Michael Platt (born 23 March 1984) is a former Ireland international rugby league footballer who played for the Salford Red Devils; he joined the Salford Red Devils in April 2014 and is contacted until the end of the 2014 season following a successful trial with the Superleague club.
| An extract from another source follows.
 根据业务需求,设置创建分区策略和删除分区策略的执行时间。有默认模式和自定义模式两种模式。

Michael joined the Red Devils following 3 appearances with the North Wales Crusaders in 2014. Platt's 1st choice position is Full Back but he has been more effective at Centre for the Bradford Bulls winning the 'Rugby League World Centre of the Month' for August.

==Background==
Platt was born in Manchester, England.

==Early career==
Platt started his career at the Salford City Reds, making his début in the Super League against the Wakefield Trinity Wildcats in the final game of the 2001 season at just 17. However he never quite made the grade and was released by the club.
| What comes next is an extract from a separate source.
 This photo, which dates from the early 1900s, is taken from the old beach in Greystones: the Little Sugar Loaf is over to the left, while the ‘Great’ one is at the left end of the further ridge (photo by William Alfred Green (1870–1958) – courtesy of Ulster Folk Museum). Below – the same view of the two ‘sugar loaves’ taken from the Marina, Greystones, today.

Michael then signed for the Rochdale Hornets. His impressive début season was somewhat blighted by a broken jaw, although he did go on to win the National League's Young Player of the Year award in 2004.

==Castleford Tigers==
Michael then joined the Castleford Tigers, and helped the Tigers gain promotion in 2005. Despite the subsequent Super League season proving to be difficult in a squad which lacked quality, Platt still managed to score 7 tries. However, after a heart-breaking 29–17 defeat against Wakefield in the final game of the season, Castleford were relegated.

==Bradford Bulls==
Platt joined the Bradford Bulls in 2007 after a dispute between Platt and Castleford over his availability. His first season started well and he topped the try-scorers league for a number of weeks at the start of the season. He extended his contract in 2011 for a further 2 years, meaning he will stay with the Bulls until at least 2013.
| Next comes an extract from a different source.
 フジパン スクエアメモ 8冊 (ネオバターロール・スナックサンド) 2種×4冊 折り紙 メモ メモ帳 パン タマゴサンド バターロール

| Season | Appearance | Tries | Goals | F/G | Points |
|---|---|---|---|---|---|
| 2007 Bradford Bulls | 28 | 14 | 0 | 0 | 56 |
| 2008 Bradford Bulls | 20 | 5 | 0 | 0 | 20 |
| 2009 Bradford Bulls | 20 | 4 | 0 | 0 | 16 |
| 2010 Bradford Bulls | 21 | 5 | 0 | 0 | 20 |
| 2011 Bradford Bulls | 21 | 2 | 0 | 0 | 8 |
| 2012 Bradford Bulls | 18 | 11 | 0 | 0 | 44 |
| 2013 Bradford Bulls | 13 | 5 | 0 | 0 | 20 |
| 2014 North Wales Crusaders | 3 | 0 | 0 | 0 | 0 |
| 2014 Salford Red Devils | 2 | 0 | 0 | 0 | 0 |
| Total | 148 | 46 | 0 | 0 | 184 |

==Return to hometown club==
On 18 April 2014, Salford head coach, and former Bradford Bulls team-mate, Iestyn Harris signed up Michael to play for the Red Devils for the remainder of the 2014 season.

==International==
Platt is an Irish international. He was overlooked by Tony Smith for Great Britain and this has been seen to be due to his allegiance to Ireland for the World Cup 2008 in Australia, and the continuing outstanding form of Paul Wellens. However he was called up for the Great Britain Squad for the 2007 test series with New Zealand, and played at full back for the prestigious Northern Union game against All Golds in a centenary match.

He was named in the Ireland training squad for the 2008 Rugby League World Cup, and the Ireland squad for the 2008 Rugby League World Cup.

In October 2014, Platt played in the European Cup competition.